[Work item]
Only the lines from the start of the data below through the line that contains "Jasambac Women Swiss" are to be copied, exactly and without pictures.

(Stored entries)
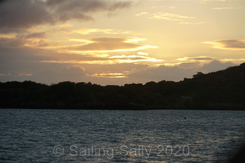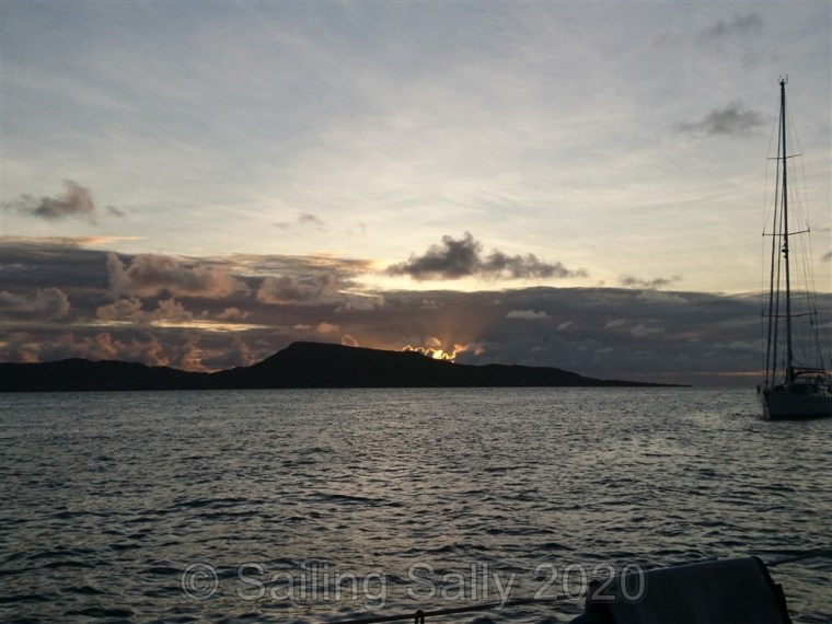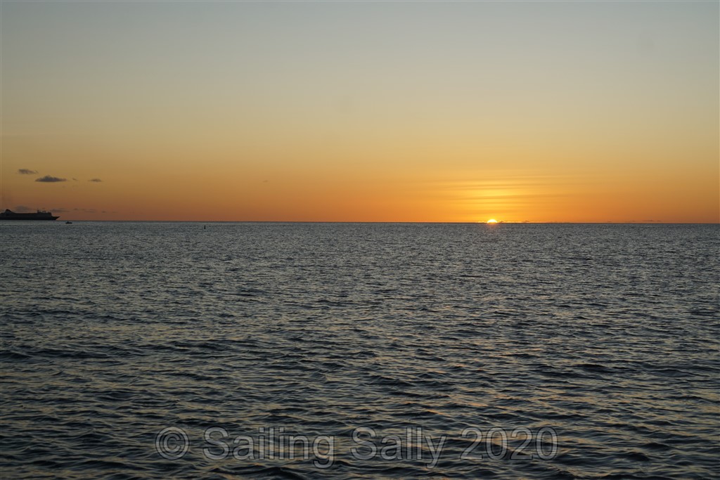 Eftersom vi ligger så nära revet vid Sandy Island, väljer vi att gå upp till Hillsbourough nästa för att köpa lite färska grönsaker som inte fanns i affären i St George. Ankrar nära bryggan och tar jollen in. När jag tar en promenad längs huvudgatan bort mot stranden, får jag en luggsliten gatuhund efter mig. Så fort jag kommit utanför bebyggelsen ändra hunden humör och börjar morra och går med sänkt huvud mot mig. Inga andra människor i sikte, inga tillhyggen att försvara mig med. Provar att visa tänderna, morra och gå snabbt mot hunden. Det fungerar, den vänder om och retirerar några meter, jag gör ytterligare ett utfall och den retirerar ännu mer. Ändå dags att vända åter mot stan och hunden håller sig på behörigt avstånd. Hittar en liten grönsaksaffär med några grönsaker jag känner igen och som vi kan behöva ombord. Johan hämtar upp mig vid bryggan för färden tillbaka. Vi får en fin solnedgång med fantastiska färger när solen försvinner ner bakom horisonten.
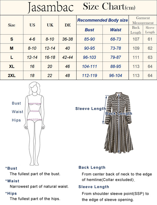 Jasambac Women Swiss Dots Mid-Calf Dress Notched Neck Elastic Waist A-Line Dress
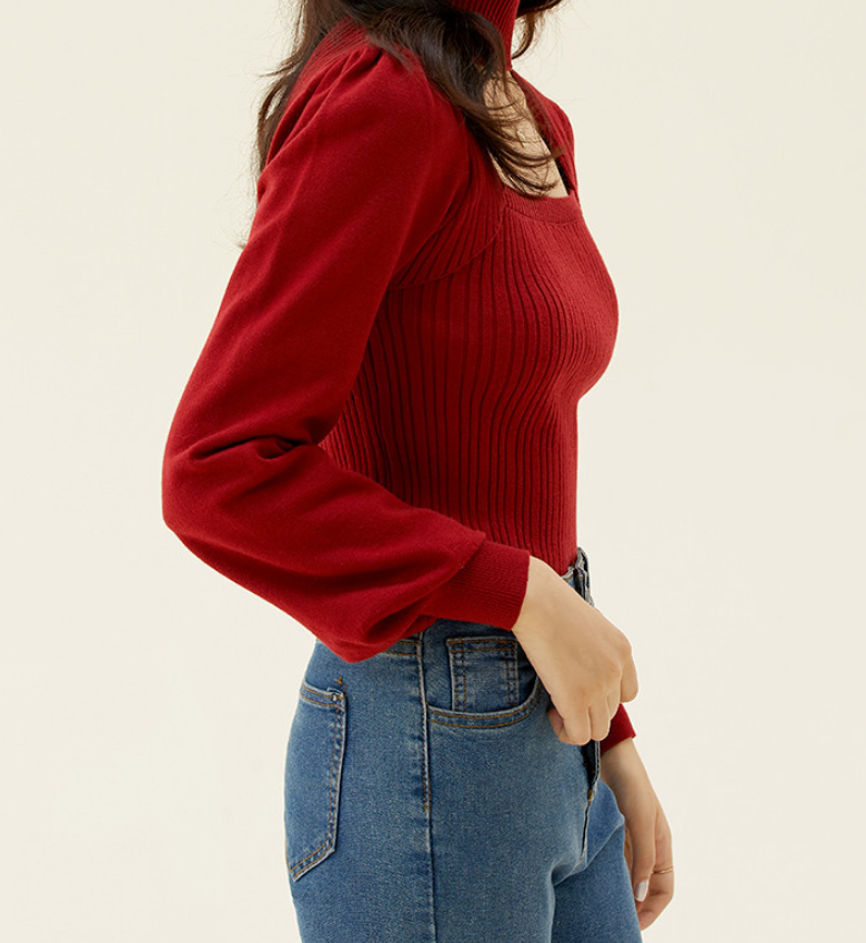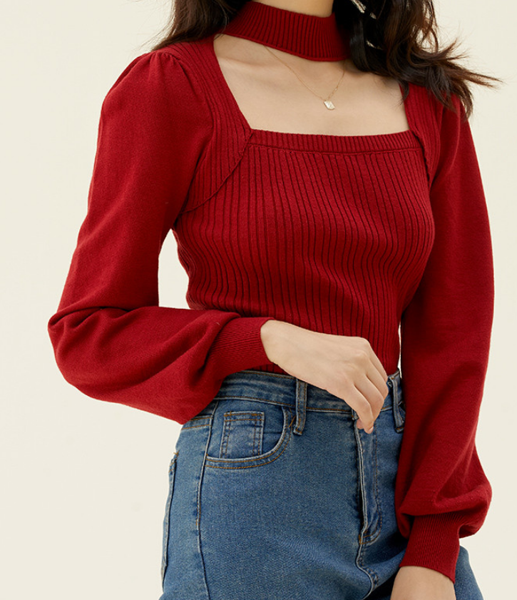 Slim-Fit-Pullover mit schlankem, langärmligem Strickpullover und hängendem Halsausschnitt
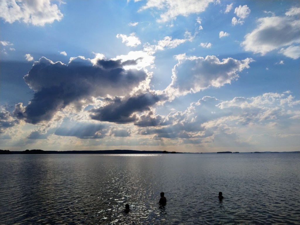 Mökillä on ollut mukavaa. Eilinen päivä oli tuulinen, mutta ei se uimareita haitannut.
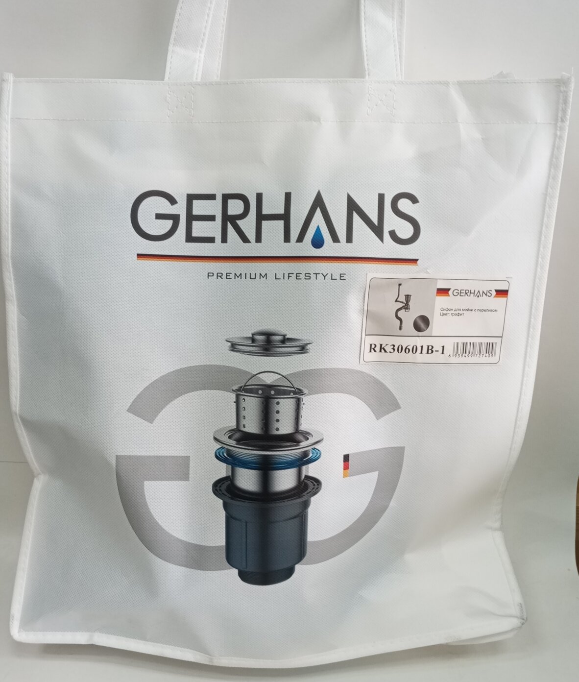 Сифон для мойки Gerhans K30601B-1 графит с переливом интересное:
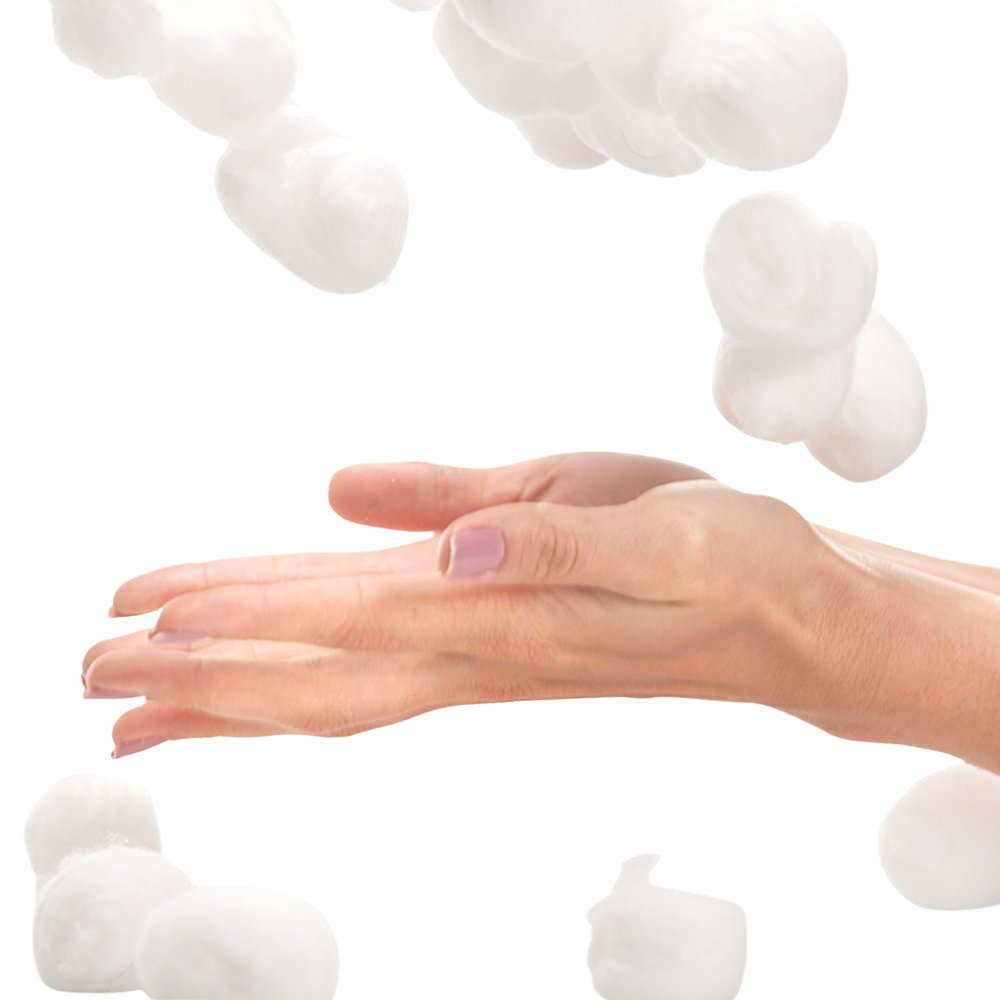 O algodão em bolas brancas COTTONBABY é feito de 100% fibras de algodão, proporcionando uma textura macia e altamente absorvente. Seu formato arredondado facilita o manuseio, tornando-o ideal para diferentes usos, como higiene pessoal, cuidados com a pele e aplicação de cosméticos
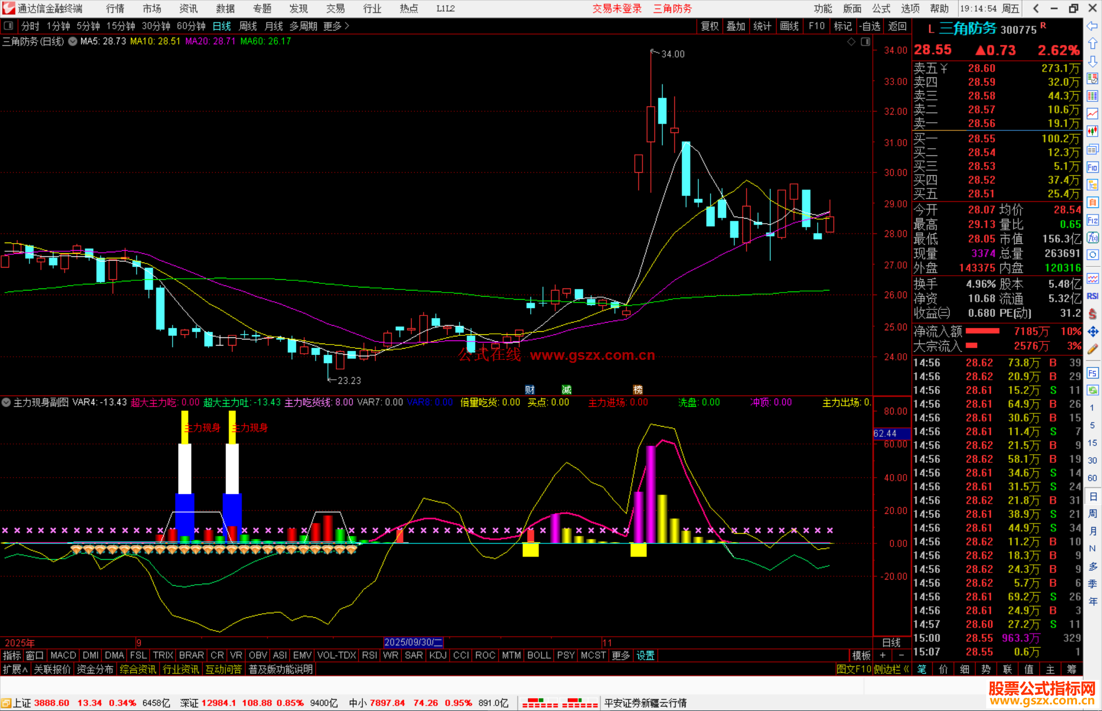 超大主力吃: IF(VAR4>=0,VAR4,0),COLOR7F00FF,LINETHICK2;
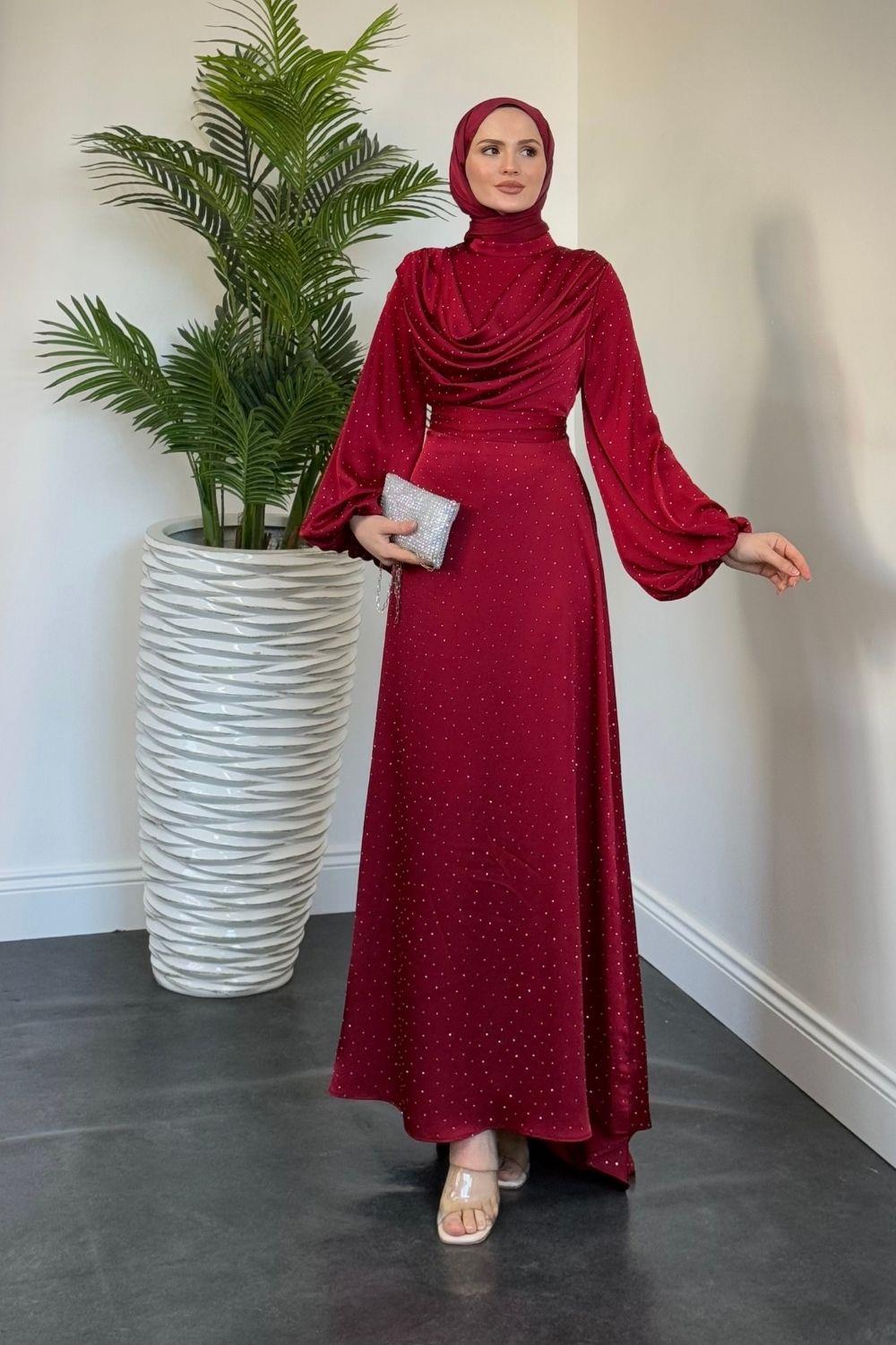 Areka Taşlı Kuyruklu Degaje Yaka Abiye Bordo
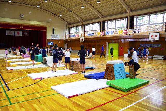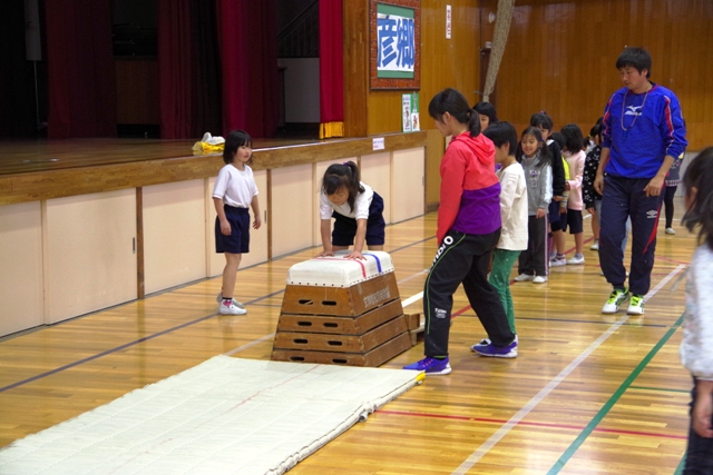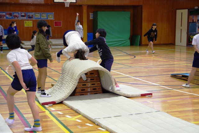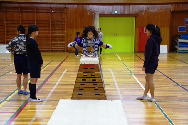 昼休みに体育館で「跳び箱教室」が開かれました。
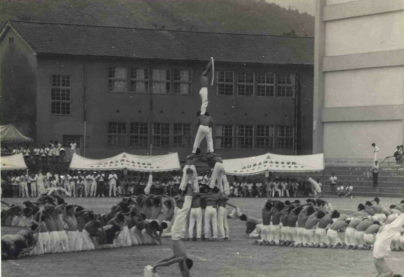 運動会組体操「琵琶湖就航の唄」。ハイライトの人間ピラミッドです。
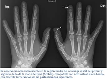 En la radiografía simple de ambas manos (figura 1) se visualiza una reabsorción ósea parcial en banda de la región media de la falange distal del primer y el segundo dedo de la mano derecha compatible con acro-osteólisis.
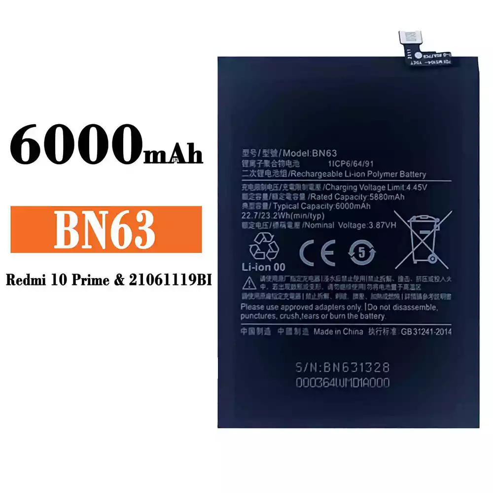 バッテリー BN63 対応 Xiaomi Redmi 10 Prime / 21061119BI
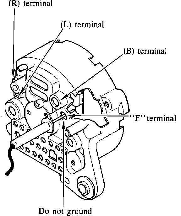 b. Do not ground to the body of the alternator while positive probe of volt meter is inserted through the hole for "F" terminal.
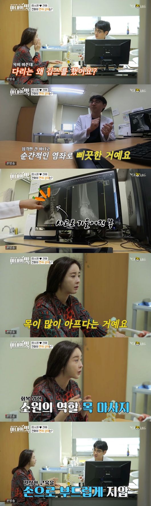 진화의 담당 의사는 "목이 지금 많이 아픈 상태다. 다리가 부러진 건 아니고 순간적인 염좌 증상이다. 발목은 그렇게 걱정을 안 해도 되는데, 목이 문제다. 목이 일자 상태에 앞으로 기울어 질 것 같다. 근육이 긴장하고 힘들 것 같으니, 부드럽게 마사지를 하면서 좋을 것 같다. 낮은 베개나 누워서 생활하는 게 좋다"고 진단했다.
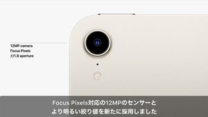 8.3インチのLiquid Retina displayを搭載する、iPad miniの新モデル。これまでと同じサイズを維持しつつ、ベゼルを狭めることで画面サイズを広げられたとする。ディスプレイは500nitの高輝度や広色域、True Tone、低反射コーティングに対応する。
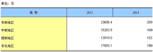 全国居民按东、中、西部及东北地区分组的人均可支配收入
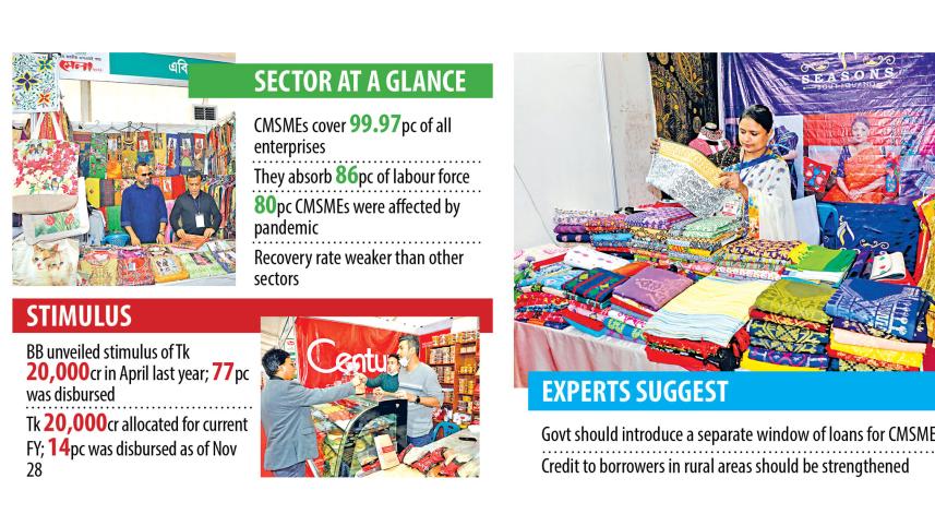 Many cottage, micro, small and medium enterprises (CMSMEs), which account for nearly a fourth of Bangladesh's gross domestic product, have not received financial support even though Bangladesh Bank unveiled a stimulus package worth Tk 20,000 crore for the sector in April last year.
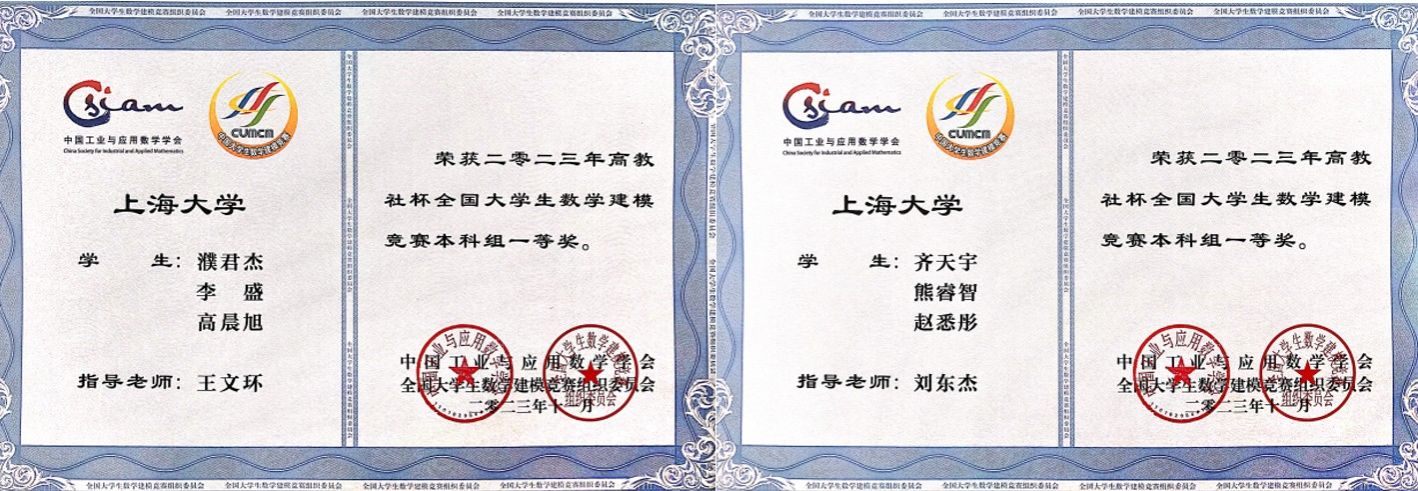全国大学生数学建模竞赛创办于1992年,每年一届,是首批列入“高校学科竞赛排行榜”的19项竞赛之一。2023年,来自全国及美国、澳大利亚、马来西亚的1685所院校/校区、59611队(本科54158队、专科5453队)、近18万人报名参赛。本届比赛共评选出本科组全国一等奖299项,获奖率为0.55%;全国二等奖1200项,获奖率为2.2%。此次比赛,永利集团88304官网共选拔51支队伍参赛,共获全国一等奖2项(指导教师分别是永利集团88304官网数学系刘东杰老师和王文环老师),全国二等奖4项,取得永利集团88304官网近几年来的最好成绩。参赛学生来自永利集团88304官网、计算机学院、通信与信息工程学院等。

[Exercise solution]
 Eftersom vi ligger så nära revet vid Sandy Island, väljer vi att gå upp till Hillsbourough nästa för att köpa lite färska grönsaker som inte fanns i affären i St George. Ankrar nära bryggan och tar jollen in. När jag tar en promenad längs huvudgatan bort mot stranden, får jag en luggsliten gatuhund efter mig. Så fort jag kommit utanför bebyggelsen ändra hunden humör och börjar morra och går med sänkt huvud mot mig. Inga andra människor i sikte, inga tillhyggen att försvara mig med. Provar att visa tänderna, morra och gå snabbt mot hunden. Det fungerar, den vänder om och retirerar några meter, jag gör ytterligare ett utfall och den retirerar ännu mer. Ändå dags att vända åter mot stan och hunden håller sig på behörigt avstånd. Hittar en liten grönsaksaffär med några grönsaker jag känner igen och som vi kan behöva ombord. Johan hämtar upp mig vid bryggan för färden tillbaka. Vi får en fin solnedgång med fantastiska färger när solen försvinner ner bakom horisonten.
 Jasambac Women Swiss Dots Mid-Calf Dress Notched Neck Elastic Waist A-Line Dress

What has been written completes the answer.